Mixed Control Chart Design Using the Integration of Genetic Algorithm and Monte Carlo Simulation
Pramote Charongrattanasakul, Wimonmas Bamrungsetthapong
Keywords:
mixed NE chart, genetic algorithm, Monte Carlo simulation, extra quadratic loss function, average of run lengthAbstract
This research proposed a design of mixed control charts to monitoring the process quality based on attribute data together with variable data called a Mixed NE chart. The integration of Genetic Algorithm (GA) and Monte Carlo (MC) simulation are used to simultaneously assess the efficiency of a Mixed NE chart based on three different scenarios of the control limit coefficients (Lnp,LEWMAX_bar-R).

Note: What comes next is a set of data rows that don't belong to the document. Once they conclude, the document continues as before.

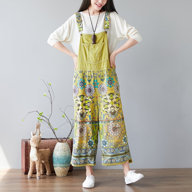 Pantalones anchos de mezclilla con entrepierna estampada - Verde / 1 está agotado y se enviará tan pronto como vuelva a estar disponible.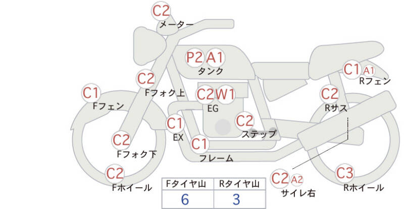 Красным маркером на схеме отмечаются места косметических повреждений.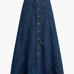 Here's our take on refined westernwear. The Lila Skirt has a high rise with an easy-at-the-hips, A-line silhouette that's 35" so it hits below the calf. It's made from a rich, dark blue lightweight rigid denim that just gets even better with each wash. Slanted front patch pockets, seam detailing and tortoiseshell buttons finish the look.
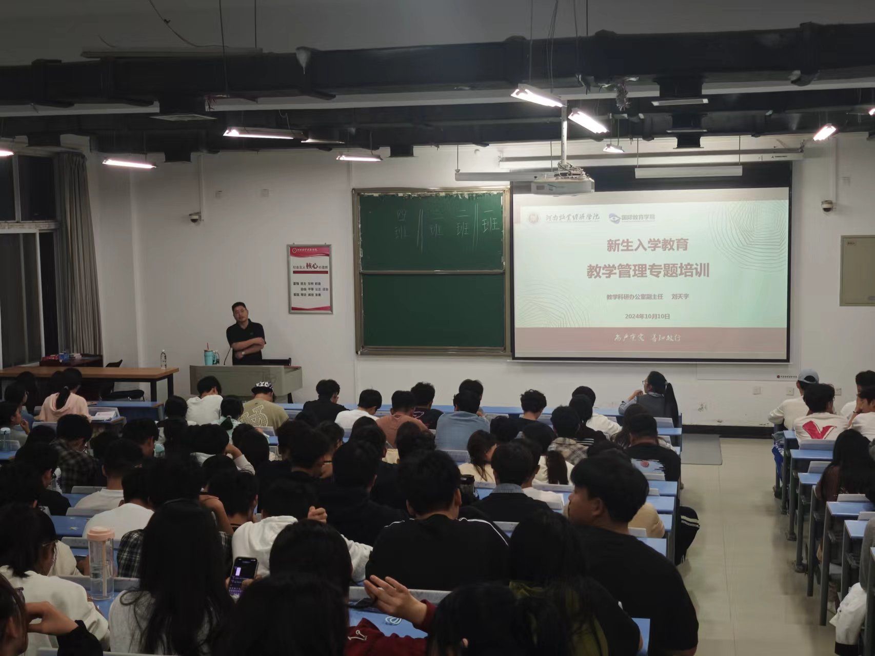 为引导学生熟悉学校教学运行规律,科学制定学业生涯规划,10月10日下午和11日晚上,MILE米乐集团在英才校区学术报告厅和龙子湖校区1号教学楼301举行了2024级新生入学教育之教学管理专题培训。本次培训由学院教学科研办公室副主任刘天宇主讲,2024级全体学生参加学习。
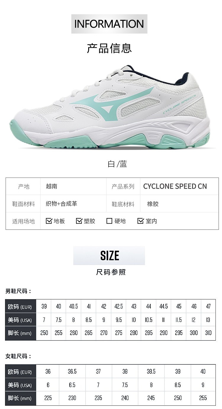 美津浓男女款综合训练鞋CYCLONE SPEED 白天蓝 V1GA218111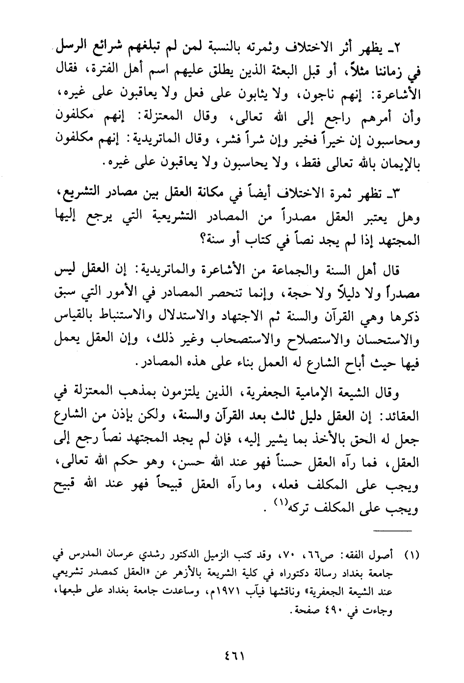 (١) أصول الفقه: ص ٦٦، ٧٠، وقد كتب الزميل الدكتور رشدي عرسان المدرس في جامعة بغداد رسالة دكتوراة في كلية الشريعة بالأزهر عن "العقل كمصدر تشريعي عند الشيعة الجعفرية" وناقشها فيآب ١٩٧١ م، وساعدت جامعة بغداد على طبعها، وجاءت في ٤٩٠ صفحة.

In this study, MC simulation is used to evaluate the maximum average of run length in case of in-control process ARL0 while the GA is demanded to optimize the control limit coefficients that obtain the maximum ARL0. In addition, the efficiency of the Mixed NE chart according to the process shifts are measured using the average of run length in case of out of control process (ARL1) and the extra quadratic loss (EQL). The results indicate that the Mixed NE chart performed well for small sample size(n), low smoothing constant (LamdaW,LamdaZ) and the optimal design of control limit coefficient is L*np > L*EWMAX_bar-R . Moreover, the optimal design of the Mixed NE chart brings new important perspectives to achieve the most efficiency of control chart.